Josh Wagenaar

Personal information
- Full name: Joshua Frederick Wagenaar
- Date of birth: February 26, 1985 (age 41)
- Place of birth: Grimsby, Ontario, Canada
- Height: 6 ft 1 in (1.85 m)
- Position: Goalkeeper

Youth career
- St. Catharines Wolves
- 0000–2002: Hamilton Sparta

College career
- Years: Team / Apps / (Gls)
- 2003–2005: Hartwick Hawks / 47 / (0)

Senior career*
- Years: Team / Apps / (Gls)
- 2002: London City
- 2006–2007: Den Haag / 5 / (0)
- 2008: Lyngby / 2 / (0)
- 2008–2009: Yeovil Town / 23 / (0)
- 2009–2010: Falkirk / 0 / (0)
- Total:  / 30 / (0)

International career
- 2002: Canada U-17 / 3 / (0)
- 2003–2005: Canada U-20 / 18 / (0)
- 2008: Canada U-23 / 4 / (0)
- 2006–2010: Canada / 4 / (0)

= Josh Wagenaar =

Canadian retired soccer player (born 1985)

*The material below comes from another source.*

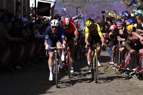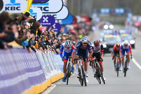 Si Paris-Roubaix sonnera la fin des Classiques pavées dimanche prochain, la séquence dite des « Flandriennes » arrivait elle à son terme dès ce dimanche de Pâques avec la plus belle, la plus grande, et la plus historique de toutes. Entre Anvers et Audenarde, dans un serpentin savamment dessiné sur 270 kilomètres, le Tour des Flandres 108ème du nom concentrait ainsi toutes les aspirations des coureurs et la passion du public. Pour dompter ce deuxième Monument de la saison, il fallait notamment franchir dix-sept monts, dont trois fois le Vieux Quaremont, deux fois le Paterberg, mais aussi l’effroyable Koppenberg, ainsi que sept secteurs pavés. Les difficultés n’étaient attendues qu’à partir de la mi-course, et c’est une échappée de huit incluant Bert Van Lerberghe, Luke Durbridge, Elmar Reinders, Damien Touzé, Lionel Taminiaux, Stanislaw Aniolkowski, David Dekker et Jelle Vermoote qui a d’abord mené les débats avec quatre minutes d’avance. Dans les premiers monts, et particulièrement dans leur approche, la tension s’est grandement accrue dans le peloton, les premières cassures sont intervenues, et les premiers mouvements se sont initiés. Laurence Pithie s’est montré particulièrement attentif et a suivi quelques accélérations au sommet du Molenberg. Mais peu avant le Berendries, un solide groupe d’attaquants notamment composé de Mads Pedersen, Dylan Van Baarle, Tiesj Benoot ou Nils Politt a contraint le reste du peloton à une belle course-poursuite.

Joshua Frederick Wagenaar (born February 26, 1985, in Grimsby, Ontario) is a Canadian retired soccer player, who is currently an assistant coach at Louisiana Tech.

==Club career==
Wagenaar attended Hartwick College in Oneonta, New York state. He only played 12 games for them in his final season because of a foot injury. In 2002, he played with London City in the Canadian Professional Soccer League.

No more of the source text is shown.